The HTML 4 specification was confusing on the subject of abbrevations and acronyms (see for example <ABBR> vs <ACRONYM> in the HTML 4 Specification by Ben Meadowcroft, HTML is not an acronym … by Craig Saila, a ABBR and ACRONYM are for user agents not for end users by Jesper Tverskov). However, removing element types is not the appropriate response. We need richer, not poorer markup. Another downside of the current proposal is that the expansion of abbreviated forms must still be provided in an attribute instead of an element, and this does not take into account that expanded forms can also contain abbreviated forms. The following element types should cover most types of abbreviated forms:

abbr for abbreviations: single words that are abbreviated; examples:
- <abbr>etc</abbr>,
- <abbr xml:lang="de"><title>beziehungsweise</title>bzw.</abbr>.
acronym for abbreviated forms that are created by taking the initial letters of a string of words (possibly not each word) and that can be read as a word; examples:
- <acronym>NASA</acronym>,
- <acronym>WAI</acronym>,
- <acronym xml:lang="fr"><title>Société Anonyme Belge d'Exploitation de la Navigation Aérienne</title>SABENA</acronym>,
- <acronym>radar</acronym>,
- <acronym>laser</acronym>,
- Web<acronym title="Accessibility in Mind">AIM</acronym>.
initialism for abbreviated forms that are created by taking the initial letters of a string of words (possibly not each word) and that cannot be read as a word; examples:
- <initialism>RNIB</initialism>,
- <initialism>WCAG</initialism>,
- <initialism lang="de" xml:lang="de"><title>Gesellschaft mit beschränkter Haftung</title>GmbH</initialism>
- <initialism><title>for example</title>e.g.</initialism> (in this case, most people would find the original expansion of this initialism — exempli gratia — confusing).
abbrform for abbreviated forms that do not fit in any of the above categories, for example because they are the result of a creative use of characters; examples:
- <abbrform>Web<acronym>AIM</acronym></abbrform>,
- <abbrform><title>Inclusive Design Curriculum Network</title><initialism>IDC</initialism><abbr>net</abbr></abbrform>,
- <abbrform><title>World Wide Web Consortium</title>W3C</abbrform>,
- <abbrform><title>European Atomic Energy Community</title><abbr>Eur</abbr><abbr>atom</abbr></abbrform>,
- <abbrform><title>octavo</title>8vo</abbrform>,
- <abbrform><title>system administrator</title><abbr>sys</abbr><abbr>admin</abbr></abbrform>,
- <abbrform><title><initialism>PHP</initialism> Hypertext Preprocessor</title><initialism>PHP</initialism></abbrform> (recursion in an initialism).

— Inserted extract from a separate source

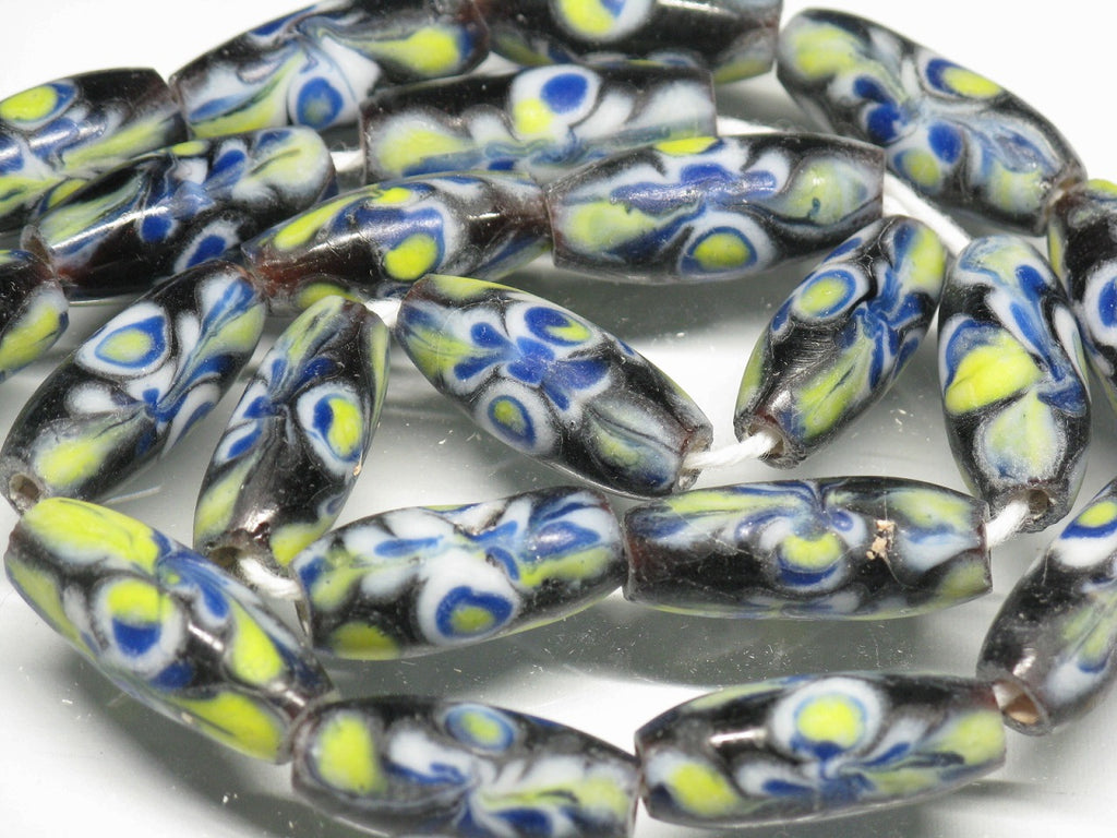 スポット&ストライプとんぼ玉。ジャワの伝統的・定番のバレル型ビーズです。(この商品は手作りジュエリー・アクセサリーパーツ・エスニック雑貨として販売しています)

An alternative proposal is to make abbrform the container for all abbreviated forms (and only allow abbr, acronym and initialism inside abbrform) and to use a more specific element type to indicate the type of abbreviation, as in the following examples.

<abbrform><abbrform>W3C</abbrform><title>World Wide Web Consortium</title></abbrform>,
<abbrform lang="de" xml:lang="de"><initialism>GmbH</initialism><title>Gesellschaft mit beschränkter Haftung</title> </abbrform>,
<abbrform><initialism>PHP</initialism><title><initialism>PHP</initialism> Hypertext Preprocessor</title></abbrform>.

The cite element type can be used for a citation or a reference to other sources, but it should really be restricted to citations (references to cited works). If markup for speakers is necessary, please define an appropriate element type (e.g. speaker).

The dfn element type: the definition of this element type is not clear: “defining instance” could be understood to mean “definition” instead of the occurrence of the term where that term is defined (which is possibly also the first occurrence of that term); see Terms That Are Misunderstood, by Tommy Olsson. The element type name dfn is confusing because it looks like an abbreviation for “definition”; please rename it, remove it or make the definition unambiguous. Because of the way dfn is currently defined, there is no markup for definitions and no mechanism for linking definitions with “defining instances” or abbreviated forms. Therefore, I propose the following mechanism, which is inspired by HTML 4's label element.

Create a definition element type and make it contain the actual definition of a term, phrase or abbreviated from that is used elsewhere in a document (or “delivery unit”, in WCAG parlance). This would allow the following use:

An <span id="term-acronym">acronym</span> is <definition for="term-acronym">a word formed from the initial letters or groups of letters of words in a set phrase or series of words</definition>. In <initialism id="acr-HTML">HTML</initialism> (<definition for="acr-HTML" id="term-HTML">Hypertext Markup Language</definition>), acronyms are marked up with the acronym element type.(…)
Hypertext Markup Language is <definition for="term-HTML"><quote cite="http://boxmind.leeds.ac.uk/lectures/frank_van_harmelen/glossary.htm#html">the authoring language used to create documents on the World Wide Web</quote></definition>.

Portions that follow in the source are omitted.